Feb 08 '23 15:02 JackAKirk

It could be good to include or link to example usage in this doc: something based on/ similar to:


// note: practically it could also be good to provide clear directions to
// documentation showing users how to make sure they are constructing queues
// using distinct devices.

auto Dev0 = Queues[0].get_device();
auto Dev1 = Queues[1].get_device();

int *arr0 = malloc<int>(N, Queues[0], usm::alloc::device);
int *arr1 = malloc<int>(N, Queues[1], usm::alloc::device);

// note: in real use would obviously load/set arr0/arr1 with meaningful data.

if (Dev0.ext_oneapi_can_access_peer(
        Dev1, sycl::ext::oneapi::peer_access::access_supported)) {
  Dev0.ext_oneapi_enable_peer_access(Dev1);
}

// Copy will be made by P2P if supported
Queues[0].copy(arr0, arr1, N).wait();

// Copy will not be made by P2P since it has not been enabled
Queues[1].copy(arr1, arr0, N).wait();

if (Dev0.ext_oneapi_can_access_peer(
        Dev1, sycl::ext::oneapi::peer_access::access_supported)) {
  Dev0.ext_oneapi_disable_peer_access(Dev1);
}

// Copy will not be made by P2P if supported because it has now been disabled
Queues[0].copy(arr0, arr1, N).wait();

And then another example for peer access (the above is an example of peer copy).

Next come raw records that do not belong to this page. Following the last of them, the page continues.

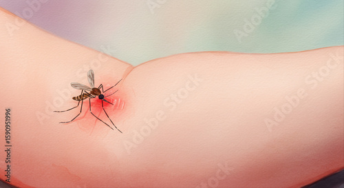 © Andrey, Obraz premium mosquito bite on baby’s arm. Mosquito feeding on human skin with visible red bite reaction
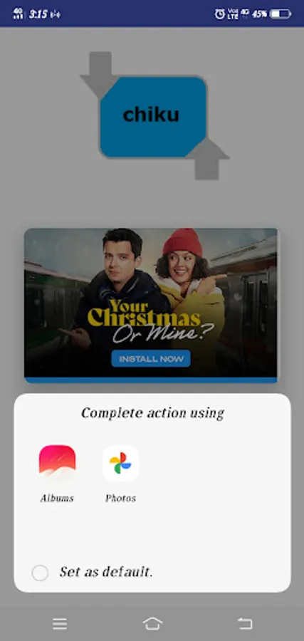 Chiku is a Photo Editing Application from KPS_Entertainment. Here, You can Edit your Image and Editing Image will saved in Chiku Folder into Your Mobile Phone.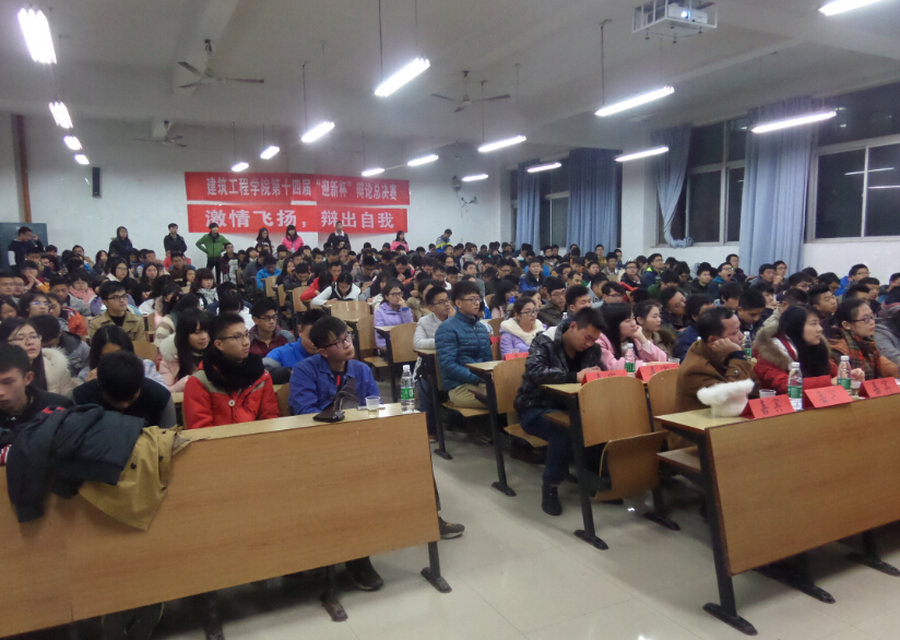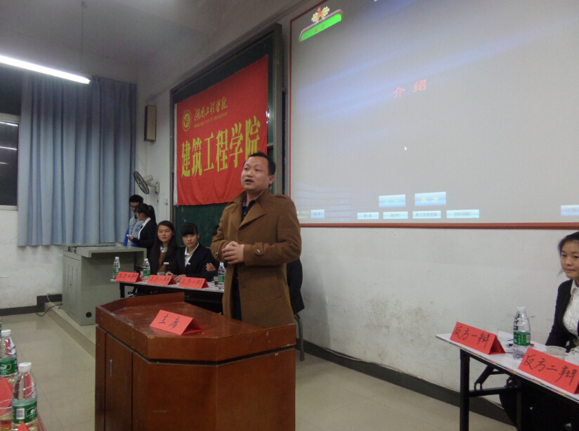 为了丰富同学们的课余活动,让同学们感到大学生活的丰富多彩,增强大家的语言组织能力,锻炼同学们逻辑思维与临场应变能力,培养探索精神与团队合作精神,建筑工程学院团总支学生会学习部承办了第十四届“迎新杯”辩论赛,经过一个月的激烈角逐,两个班级从16个班级中脱颖而出。12月13日晚七点,辩论赛决赛在湖南工程学院主校区D栋101教室打响,出席本次决赛的领导有建筑工程学院学生工作办公室主任李佳老师,建筑工程学院学生工作办公室刘熹微老师。

Also I have apparently discovered that P2P via nvlink with Nvidia hardware is bi-directional, such that Dev0.ext_oneapi_enable_peer_access(Dev1); also enables Dev1 to do a P2P copy to Dev0. I think that this is not the case via pcie, but I need to check this.

Feb 09 '23 11:02 JackAKirk

Hi @jbrodman @gmlueck

Just to confirm so I can update the implementation:

Is the extension OK'd now by syclomatic?
I take it that you still want access_enabled? That is fine I just wanted to double check this is the case now that we know it isn't natively supported by cuda unlike what the cuda docs imply.

Mar 02 '23 18:03 JackAKirk